● Stored items
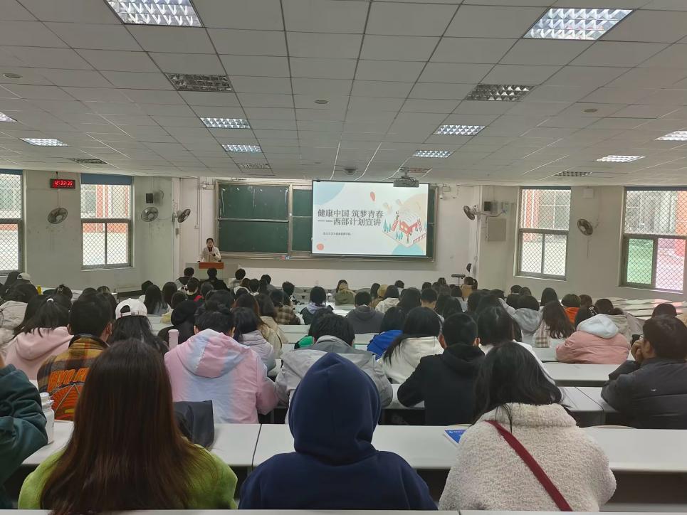 2025年4月18日,西华大学betway西汉姆联平台正式启动2025年大学生志愿服务西部计划(以下简称“西部计划”)的专项宣传与动员工作。学院号召全体心怀家国、志在四方的健康管理相关专业学子,积极把握时代机遇,将专业知识与青春热血相结合,在服务国家战略和基层健康的实践中,实现个人价值与社会价值的统一。毕业班辅导员沈从微老师参与宣讲会。
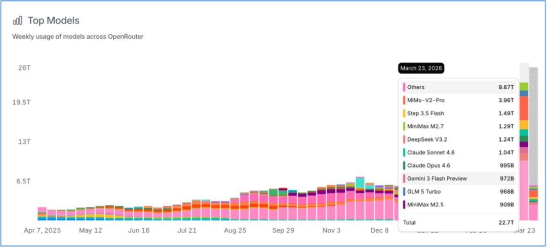 全球AI模型API聚合平台OpenRouter数据则显示,过去一年,平台内前十大模型的周Token调用量从1.24万亿暴增至近14万亿,增幅超10倍。而最近一周的Token使用总量超过22万亿,是OpenClaw发布前(2026年1月)的三倍。
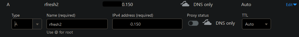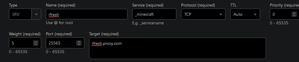 An SRV record for _minecraft._tcp with the port and the A record as its target.
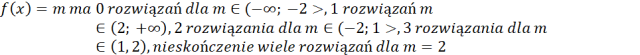 Odczytaj z wykresu własności funkcji. Na wykresie dziedzina funkcji to zbiór wszystkich x-ów dla których funkcja istnieje, a zbiór wartości to zbiór wszystkich y-ów. Miejscem zerowym funkcji jest taki argument x, dla którego wykres przecina oś x. Liczbę rozwiązań równania f(x)=m w zależności od warunku m możesz określić oceniając ile razy pozioma prosta y=m przecina wykres f(x).
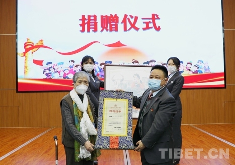 圖為中國藏學(xué)研究中心西藏文化博物館向畫家吳茜女士(左)頒發(fā)捐贈(zèng)證書
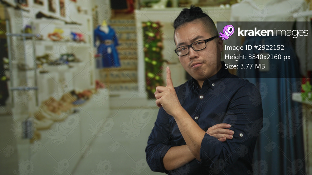 Man with arms crossed and index finger raised beside mannequins and shoe display in retail clothing store building; skepticism.
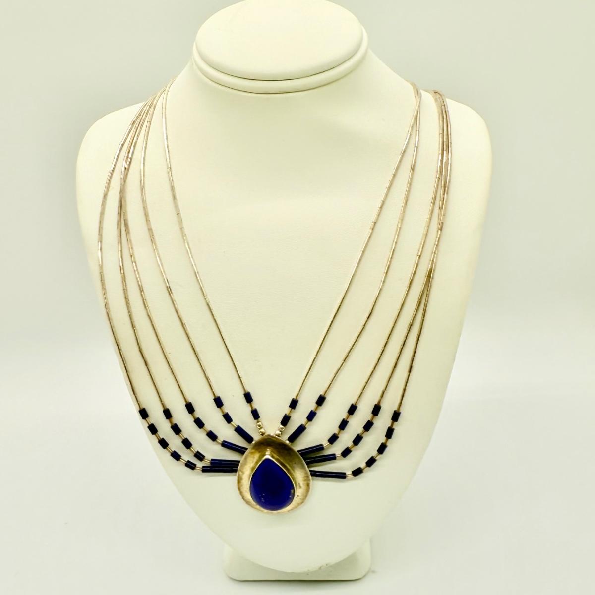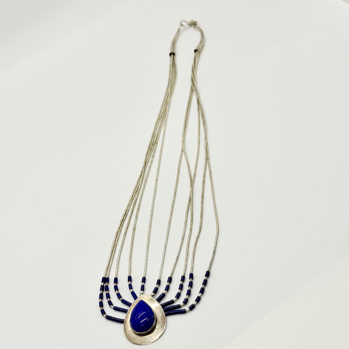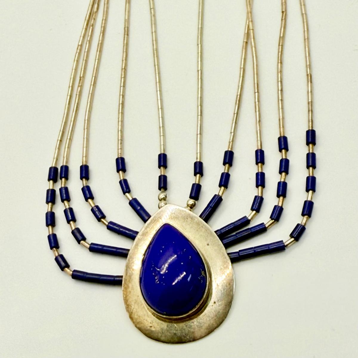 LOT 29: Vintage Native American Blue Lapis Liquid Silver Statement Necklace 18.5” long, 16.0 gtw
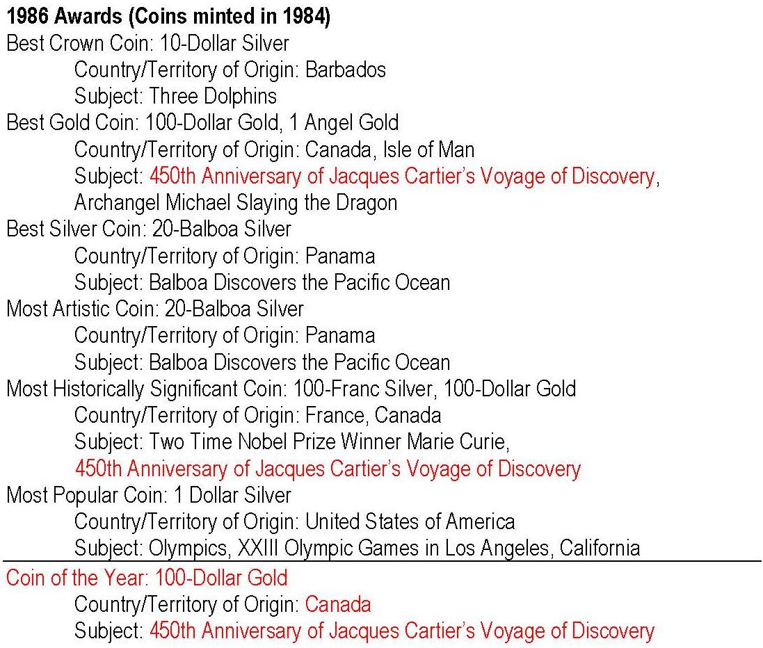 - anul 1986 cu monedele având nominal 1984; cu roşu: câştigătorul Coin of the Year -
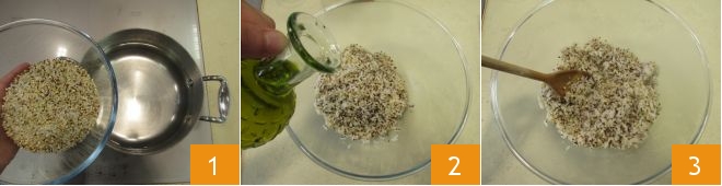 To prepare the stuffed zucchinis with grains and quinoa, first cook the mix in boiling, salted water to taste 1, for the time indicated on the package. Then drain it, transfer it to a bowl, and add a drizzle of oil 2. Mix 3 and let it cool in the refrigerator.
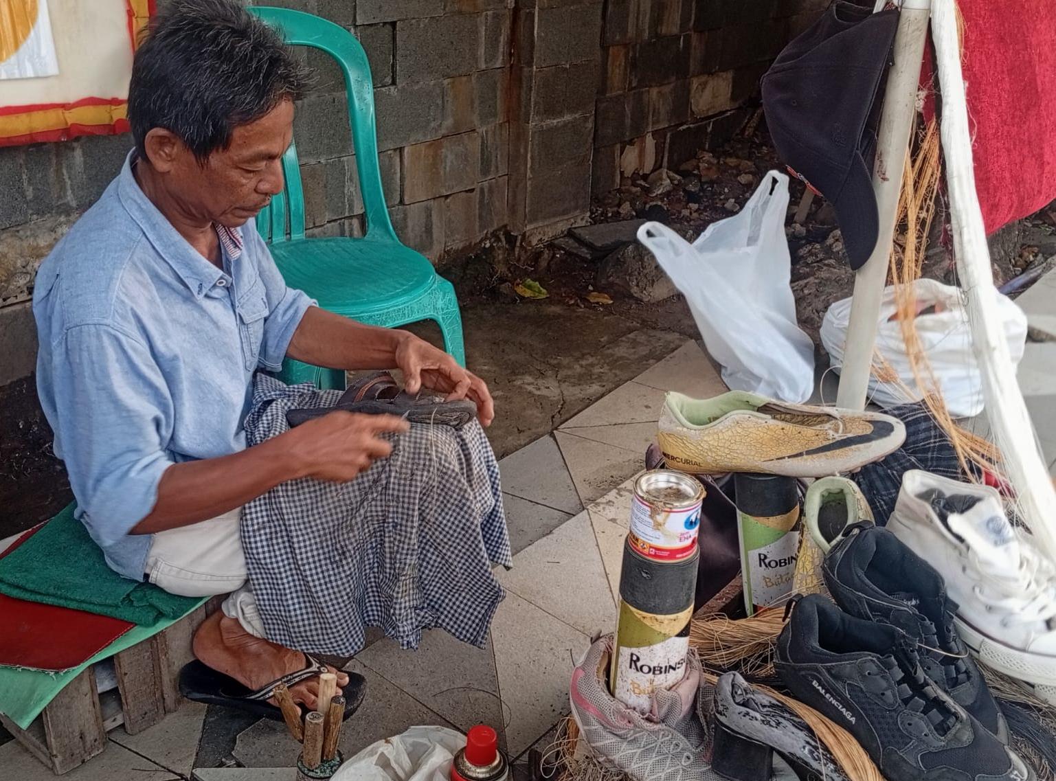 Herman tetap setia menunggu pelanggan yang datang memperbaiki sepatu. Ia mematok harga jasa perbaikan berdasarkan tingkat kerusakan sepatu.
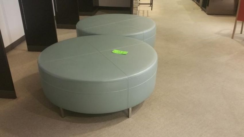 48"x18" Round Light Blue Leather Bench with Chrome Legs Rigging Cost: $15 There will be no rigging fees charged or collected on any hand carryable items removed by Saturday 7/29.
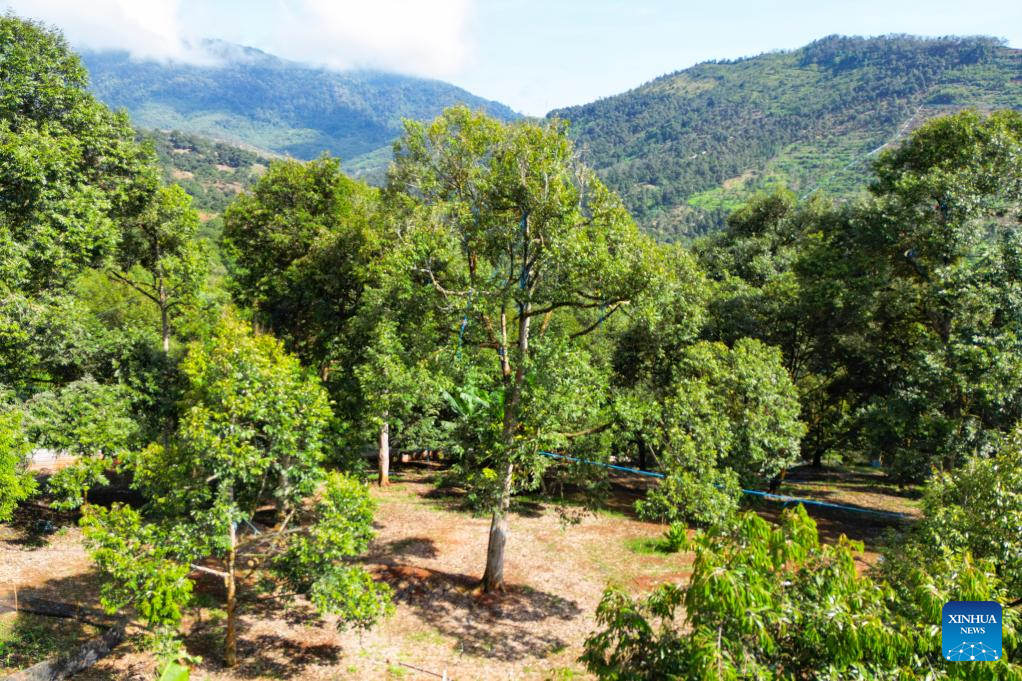A drone photo taken on Oct. 16, 2025 shows a durian orchard in Raub of Pahang state, Malaysia. Raub in Pahang state, Malaysia is an important durian-producing region. Due to the unique tropical rainforest climate and soil conditions, premium durian varieties such as Musang King Durian from this area are known for their dense flesh and rich flavor.
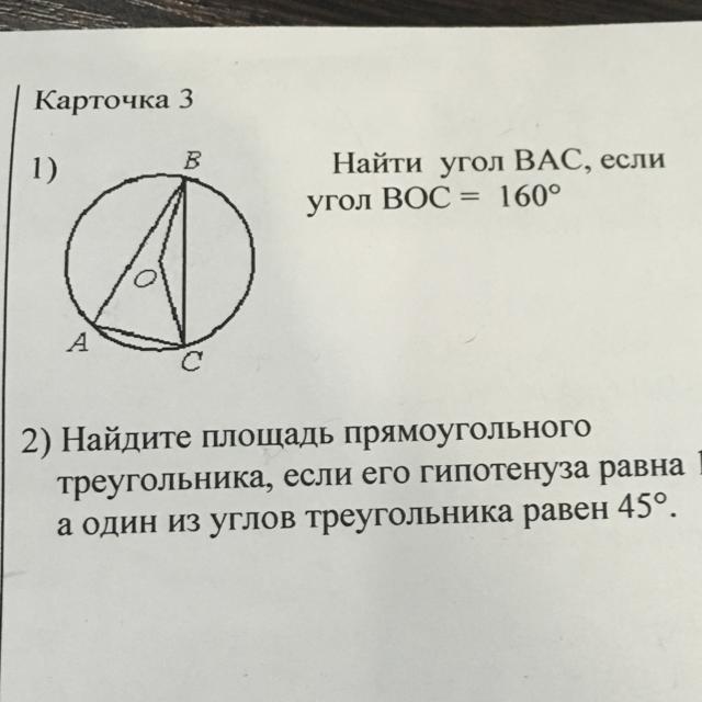 1) Угол ВОС центральный значит он равен дуге на которую он опирается. Значит дуга ВС равна 160 градусов. Угол ВАС вписанный значит он равен половине дуги на которую опирается. Тогда угол ВАС=1/2 дВС. Угол ВАС=1/2
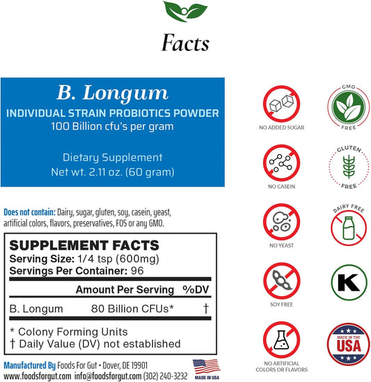 B. Longum Probiotic Powder 100 Billion cfu's | USA Made | No Additives | Digestive & Immune Support | High Potency | 60g

● AIM OF THE EXERCISE
Within the entries above, the lines from the one with "Man with arms" through the final line are to be printed exactly, with the pictures removed.

● TASK RESPONSE
 Man with arms crossed and index finger raised beside mannequins and shoe display in retail clothing store building; skepticism.
 LOT 29: Vintage Native American Blue Lapis Liquid Silver Statement Necklace 18.5” long, 16.0 gtw
 - anul 1986 cu monedele având nominal 1984; cu roşu: câştigătorul Coin of the Year -
 To prepare the stuffed zucchinis with grains and quinoa, first cook the mix in boiling, salted water to taste 1, for the time indicated on the package. Then drain it, transfer it to a bowl, and add a drizzle of oil 2. Mix 3 and let it cool in the refrigerator.
 Herman tetap setia menunggu pelanggan yang datang memperbaiki sepatu. Ia mematok harga jasa perbaikan berdasarkan tingkat kerusakan sepatu.
 48"x18" Round Light Blue Leather Bench with Chrome Legs Rigging Cost: $15 There will be no rigging fees charged or collected on any hand carryable items removed by Saturday 7/29.
A drone photo taken on Oct. 16, 2025 shows a durian orchard in Raub of Pahang state, Malaysia. Raub in Pahang state, Malaysia is an important durian-producing region. Due to the unique tropical rainforest climate and soil conditions, premium durian varieties such as Musang King Durian from this area are known for their dense flesh and rich flavor.
 1) Угол ВОС центральный значит он равен дуге на которую он опирается. Значит дуга ВС равна 160 градусов. Угол ВАС вписанный значит он равен половине дуги на которую опирается. Тогда угол ВАС=1/2 дВС. Угол ВАС=1/2
 B. Longum Probiotic Powder 100 Billion cfu's | USA Made | No Additives | Digestive & Immune Support | High Potency | 60g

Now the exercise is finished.